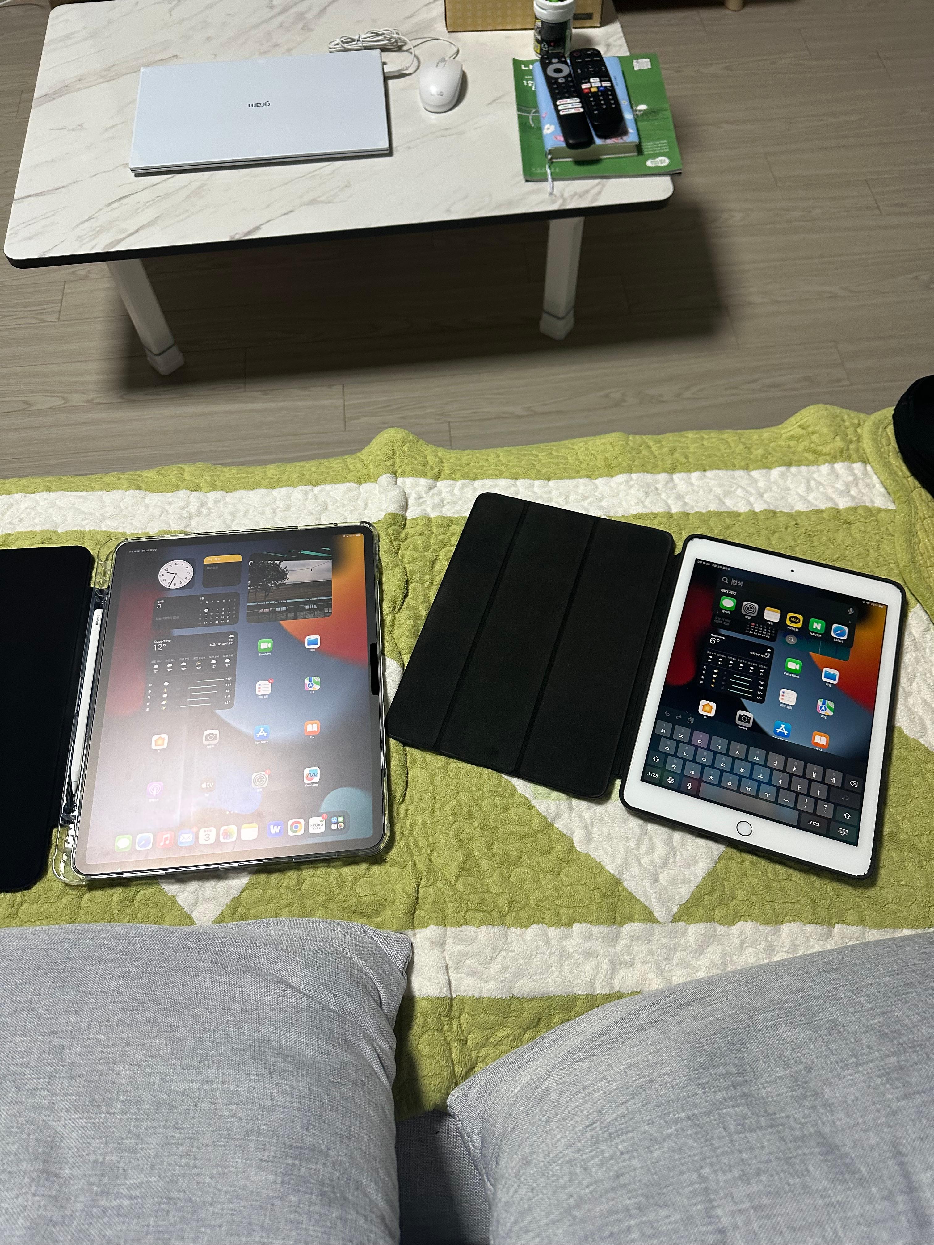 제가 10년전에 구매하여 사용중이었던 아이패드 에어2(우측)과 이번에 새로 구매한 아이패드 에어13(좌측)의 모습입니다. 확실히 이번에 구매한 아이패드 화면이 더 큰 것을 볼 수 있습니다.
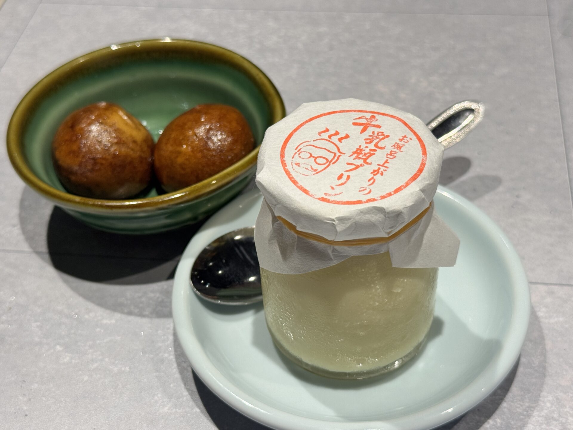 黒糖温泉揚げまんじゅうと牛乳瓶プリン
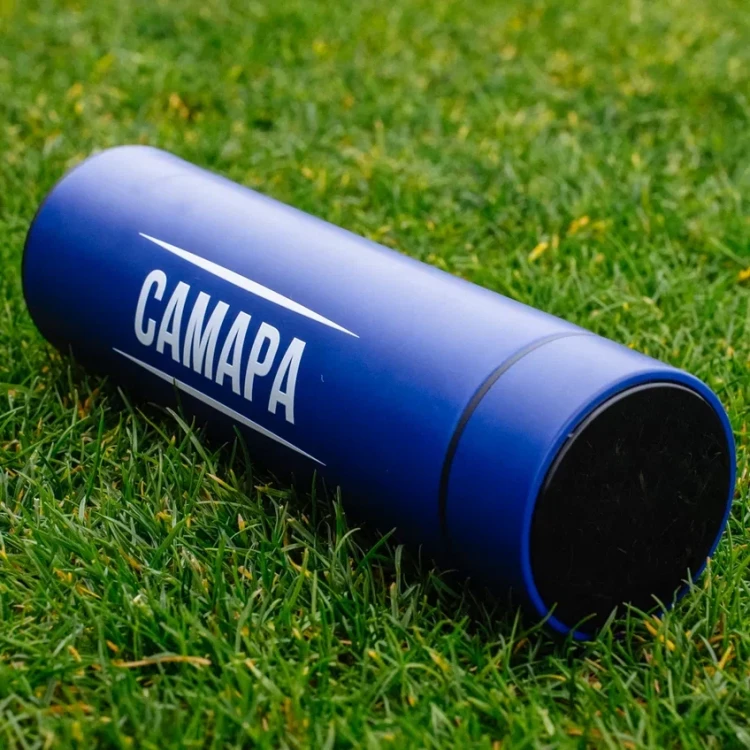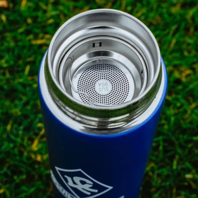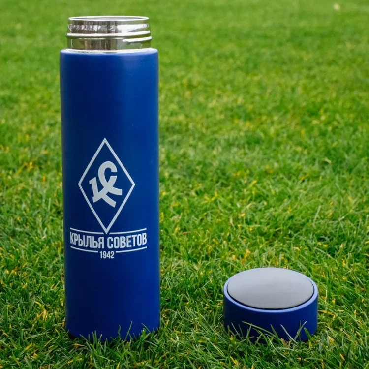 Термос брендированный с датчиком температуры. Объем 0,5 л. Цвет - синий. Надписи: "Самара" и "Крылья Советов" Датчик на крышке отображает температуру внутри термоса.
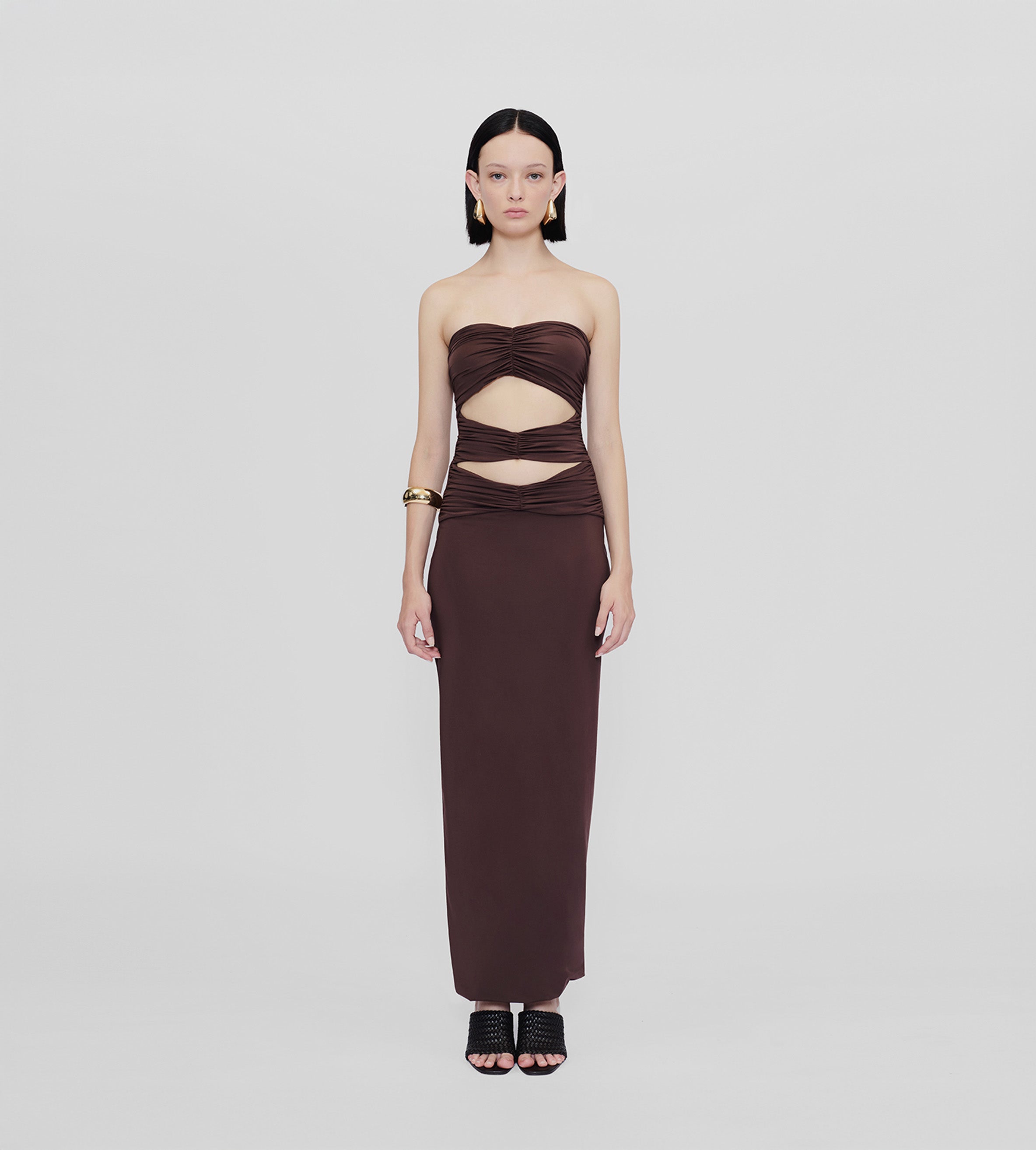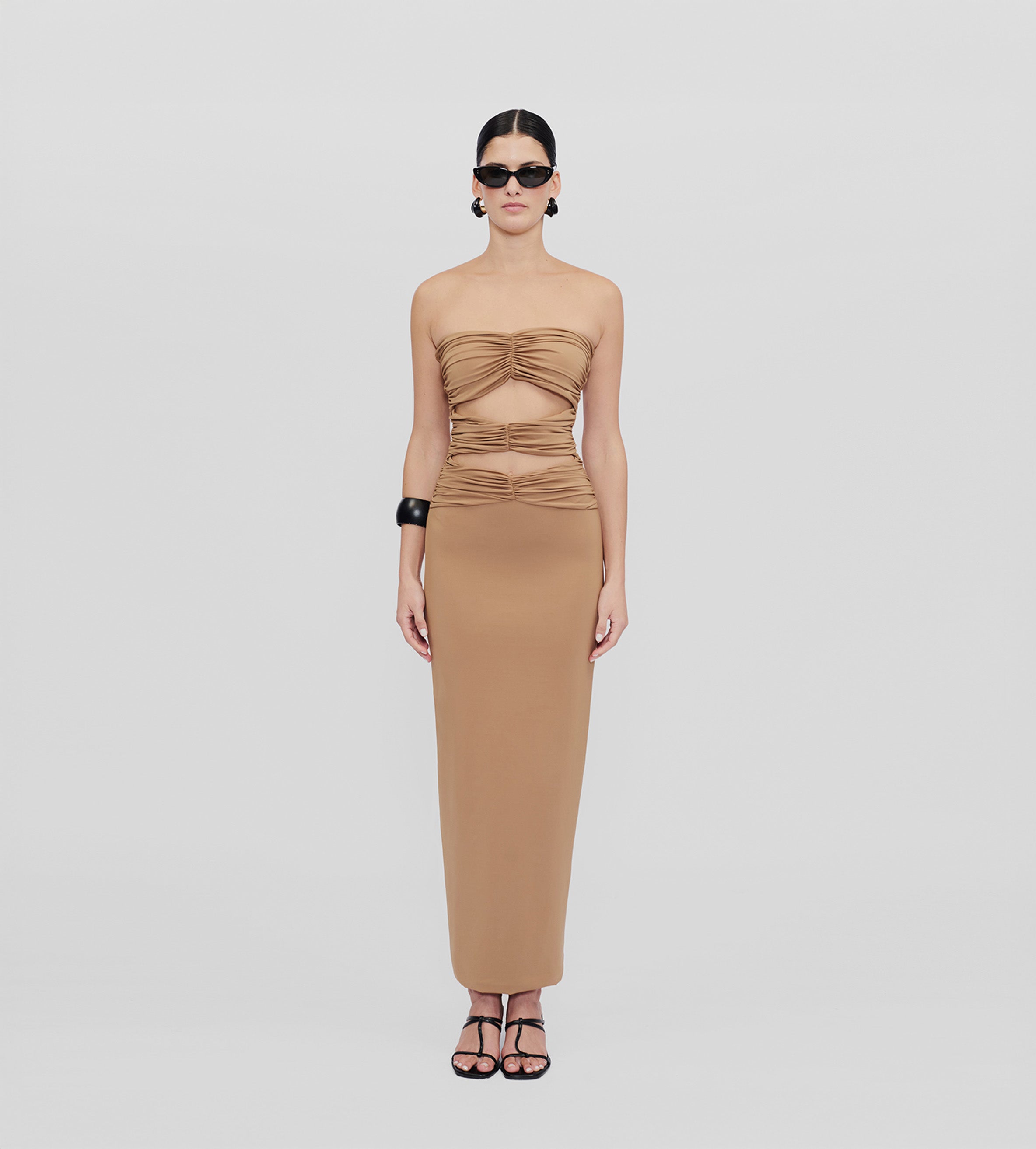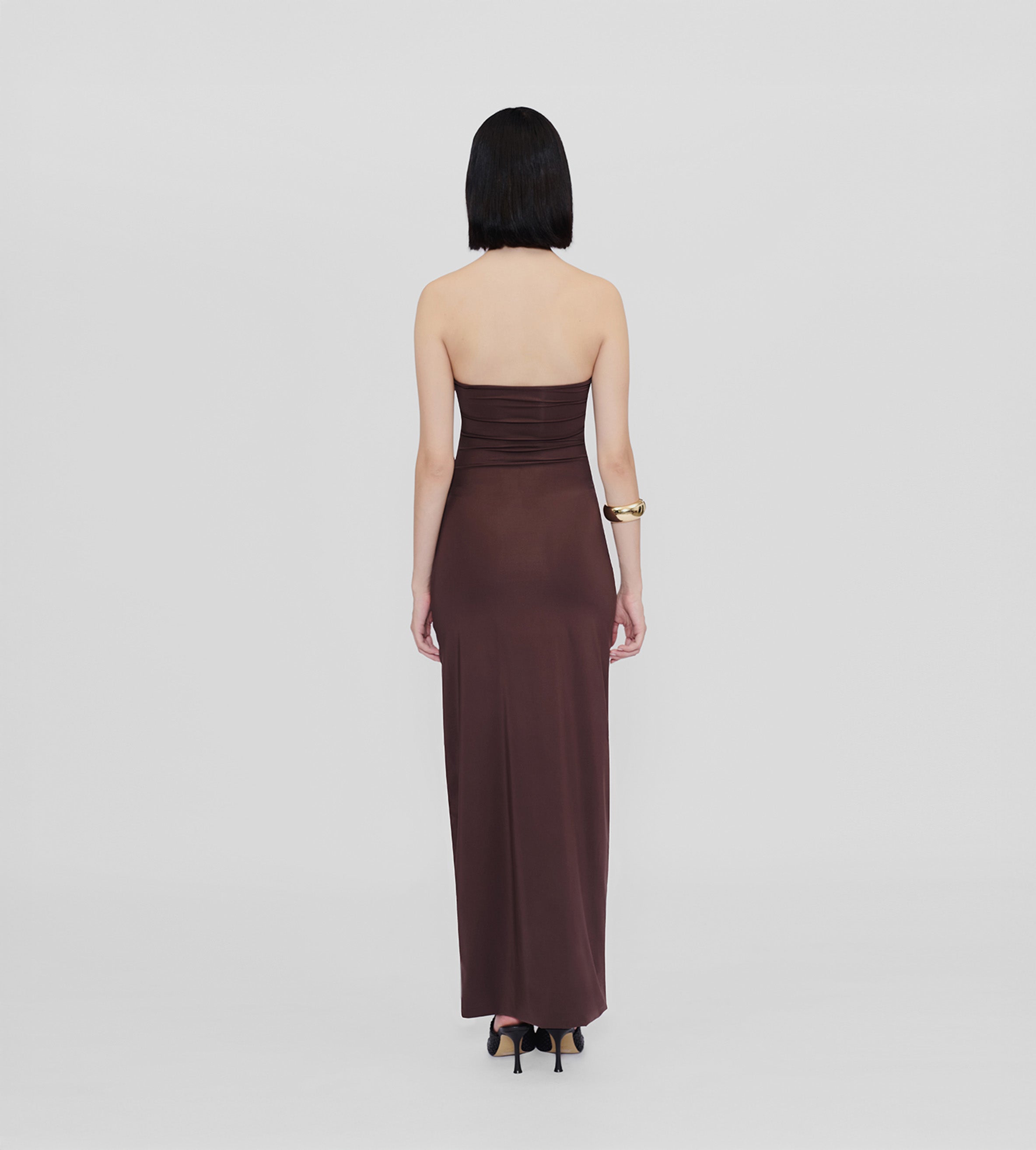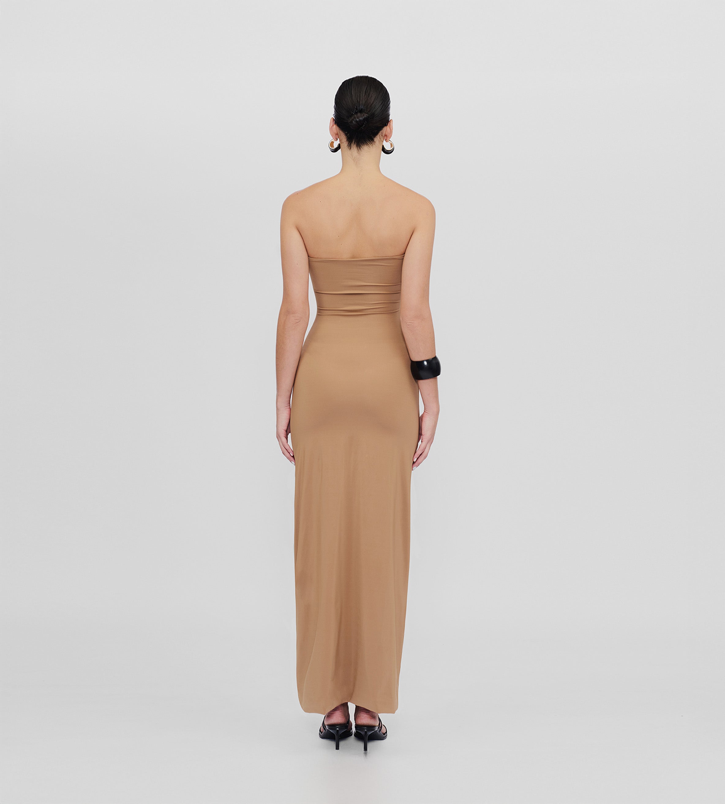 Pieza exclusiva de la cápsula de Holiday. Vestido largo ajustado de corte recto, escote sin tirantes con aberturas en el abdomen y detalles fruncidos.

──────

## Exercise brief:
Write the material out again word for word and omit any images.

## Answer space:
 제가 10년전에 구매하여 사용중이었던 아이패드 에어2(우측)과 이번에 새로 구매한 아이패드 에어13(좌측)의 모습입니다. 확실히 이번에 구매한 아이패드 화면이 더 큰 것을 볼 수 있습니다.
 黒糖温泉揚げまんじゅうと牛乳瓶プリン
 Термос брендированный с датчиком температуры. Объем 0,5 л. Цвет - синий. Надписи: "Самара" и "Крылья Советов" Датчик на крышке отображает температуру внутри термоса.
 Pieza exclusiva de la cápsula de Holiday. Vestido largo ajustado de corte recto, escote sin tirantes con aberturas en el abdomen y detalles fruncidos.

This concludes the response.